"I always love taking things you know and that are considered fine ingredients, like rose, and mixing in something bonkers," says Matthew Herman.
The fashion designer turned candlemaker co-founded Boy Smells with real life partner David Kien in 2016, making a name for his buzzy brand through a Kacey Musgraves collaboration and audacious odes with Internet and Gen-Z friendly nicknames. A best seller, Cowboy Kush combines suede with saffron flower, tonka and "pot leaf" to create a scent described by the brand as “enjoying a joint at a rousing rodeo.”
Kacey Musgraves for Boy Smells' Slow Burn Collaborative Candle
The cult candles are outfitted in millennial pink packaging a creative decision that Herman says influences more than just aesthetics. "We were poking fun at scent being assigned to gender," he explains to L'OFFICIEL. "Trying to erase some of the binary binaries of what you're allowed to smell like." Five years since launch, the adventure continues with Boy Smells' just debuted Cologne de Parfum, the first fine fragrance from the brand.
Spanning five scents, Flor de la Virgen, Tantrum, Violet Ends, Rose Load, and Suede Pony-what Herman calls the "wild card"-the collection is a surprise in each bottle, and like Boy Smells' famous candles, mix popular notes with the uncommon. Rhubarb, for instance, is mixed with lilac, pineapple, rhumarn, coconut water, and amber for the rebellious Suede Pony, while in the sumptuous Violet Ends it is joined by violet, divine papyrus, and tobacco leaves. "Everyone knows what rhubarb is," Herman explains. "It has a little bit of sweetness, but there's also this vaporous quality that makes things feel very elevated."

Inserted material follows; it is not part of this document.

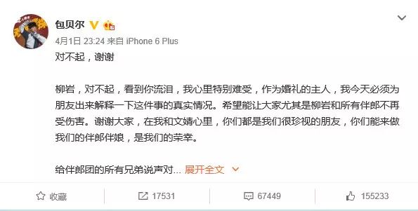 距离柳岩道歉几个小时后,包贝尔发博文道歉:“柳岩,对不起,看到你流泪,我心里特别难受”,“我尊重每一位女性,我与你们一样憎恶那些婚闹,憎恶那些伤风败俗的陋习,然而事态的发展都是我始料未及的,也是任何人都不愿意看到的。”
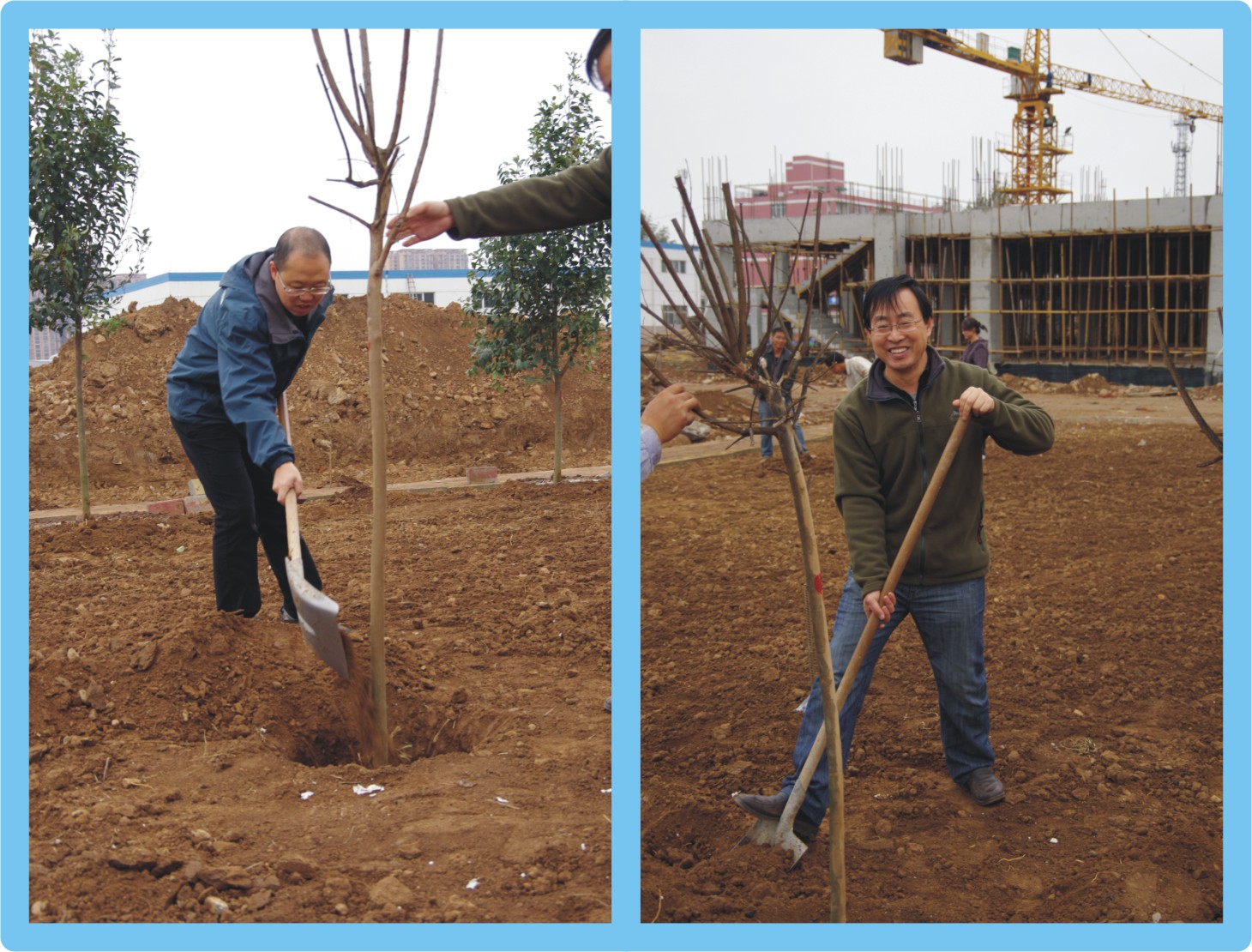 深秋时节,本是绿叶褪去繁华的时候,在公司新厂区,郁郁葱葱的盎然生机却悄悄进驻…… 为了将新厂区打造成“花园式工厂”,实现厂区绿化率95%、林木覆盖率12%、绿地率达40.5%的目标,公司在新厂区绿化建设上下了大功夫:将办公楼周围,厂房周围,园区各个通道旁都进行了专业规化,厂区计划栽种女贞、樱花、香樟、银杏、紫薇、龙柏、国槐等各种绿化树木,要铺设草地绿化带,建立四季有花开的“小花园”和健康绿色的“员工蔬菜基地”,使员工能处处感受到园林工厂的清新美好。 公司提倡员工每人亲手种植一棵树,用热情和关爱养好每一棵绿植。在号召下,大家纷纷动手,栽下木槿、红梅、合欢、紫荆,同时播种来年的希望:明年,这里将萌出更多更绿的芽,开出更红更艳的花,象我们的事业,发展壮大……

Inspired by Herman's interest in dualities and observations from seeing friends cross the stereotypes of the beauty counter-women wearing musky, leather-y odes and men turning to something lighter-the series is what the creative is calling "genderful." Rather than being genderless or unisex, Herman says the collection-and Boy Smells as a whole-is celebrating not only the specturm of gender expression but the spectrum of power, too. And so with the perfumes, one will find traditionally feminine notes mixed with those long coded to be masculine. "That crossing of scent binary seemed really safe and personal for people," says Herman, thinking of his fashion friends that would code-switch with each spritz. "Almost like the boyfriend blazer of personal products." Like fashion, the concept is the future of fragrances for the candlemaker.
Boy Smells' Cowboy Kush Candle and Cologne de Parfum collection
While the first five scents are new to the Boy Smells universe, Herman says that Boy Smells devotees are already petitioning for candle-to-body crossover. "Not all home fragrances are meant to be worn," he admits. "But you ever know. We're very non-binary, I'm sure we'll blur that in the future."